Главное в этой экзекуции был порядок.
Два полубатальона солдат по семисот человек были построены параллельно, шеренгами, лицом к лицу. Каждый солдат держал в левой руке ружье у ноги, а в правой шпицрутен; шпицрутен был гладкий и гибкий лозовый прут, длиной в сажень. Сажень длины, ни больше ни меньше. Неподвижные шеренги с шпицрутенами в руках казались серым камнем, на котором росла молодая и голая ивовая роща. В середине стоял офицер, держал в руках бумагу и выкликал имена – он говорил, сколько кому пройти кругов. Голос в утреннем воздухе был деревянный. Первым пяти осужденным скинули рубашки до пояса, головы их были открыты. Их поставили гуськом одного за другим; руки каждого из осужденных были привязаны к примкнутому штыку; штык приходился против живота, и вперед осужденный бежать не мог; за приклад спереди тащили его два унтер-офицера, и он не мог податься назад.

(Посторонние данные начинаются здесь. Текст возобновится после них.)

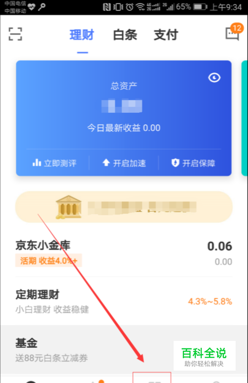 打开手机上安装的京东金融APP,输入登录密码或者指纹登入。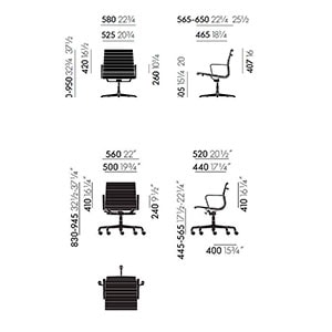EA 117 e EA 118, sono poltrone ufficio girevoli appartenenti alla serie Aluminium Chairs, il più famoso e rappresentativo fra i lavori di Charles e Ray Eames.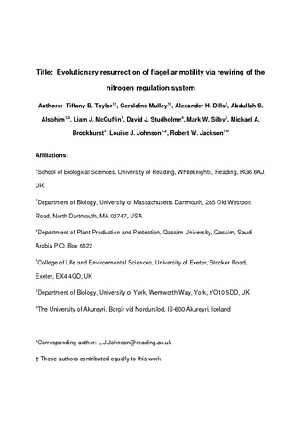 Taylor, T. B., Mulley, G. orcid id iconORCID: https://orcid.org/0000-0003-0650-478X, Dills, A. H., Alsohim, A. S., McGuffin, L. J. orcid id iconORCID: https://orcid.org/0000-0003-4501-4767, Studholme, D. J., Silby, M. W., Brockhurst, M. A., Johnson, L. J. orcid id iconORCID: https://orcid.org/0000-0002-0006-1511 and Jackson, R. W. (2015) Evolutionary resurrection of flagellar motility via rewiring of the nitrogen regulation system. Science, 347 (6225). pp. 1014-1017. ISSN 0036-8075 doi: 10.1126/science.1259145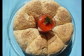 *PAN DE HAMBURGUESA: SEGUIR LAS INSTRUCCIONES DE LA MASA, Y FORMAR UNA CORONA HACIENDO BOLLITOS CON UN MOLDE DESMONTABLE, DEJAR LEVAR, HORNO, PRECALENTADO A 180º, UNOS 15 MINUTOS. SACAR Y DEJAR ENFRIAR, CORTAR POR LA MITAD. RESERVAR.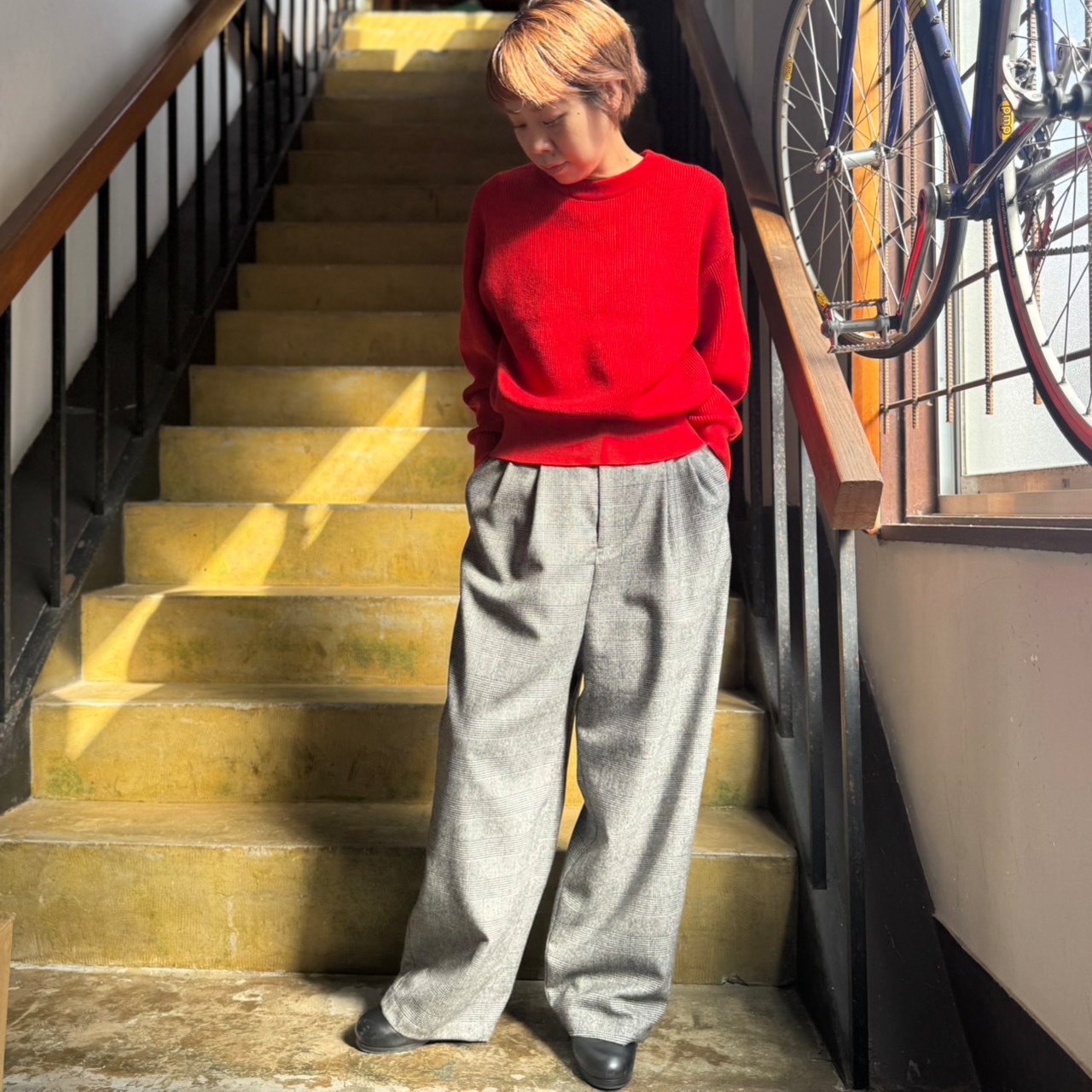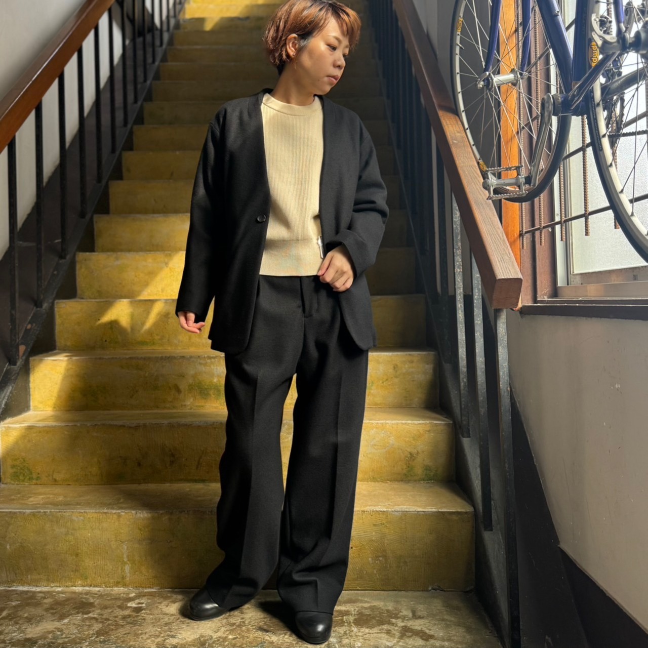 ワイドパンツにとても相性の良いショート丈のデザインです。

Раздался резкий стук барабана и вслед за тем звучный и ясный голос флейты. Вильгельм почувствовал, что силы оставляют его. Флейта в нечеловеческой тишине, где слышен только стук барабана.
И, как автоматы под властью магнетизма, которые Вильгельм видел в лейпцигской кунсткамере, осужденные начали двигаться. Они подвигались по кругу, один за другим, под стук барабана и ясный голос флейты. Каждый солдат из шеренги делал правой ногой шаг вперед – шпицрутен взлетал и ложился на спину – солдат делал шаг назад. Все движения были точны и размеренны, как будто из машины выделялся какой-то рычаг и снова в нее уходил. С обеих сторон в такт музыке свистели мелодически шпицрутены и одновременно ложились на спины. Только голос флейты и голос шпицрутенов да стук барабана. Да еще пять человек, которые двигались по зеленой улице, кричали перед каждым ударом:
– Братцы, помилосердуйте, братцы, помилосердуйте!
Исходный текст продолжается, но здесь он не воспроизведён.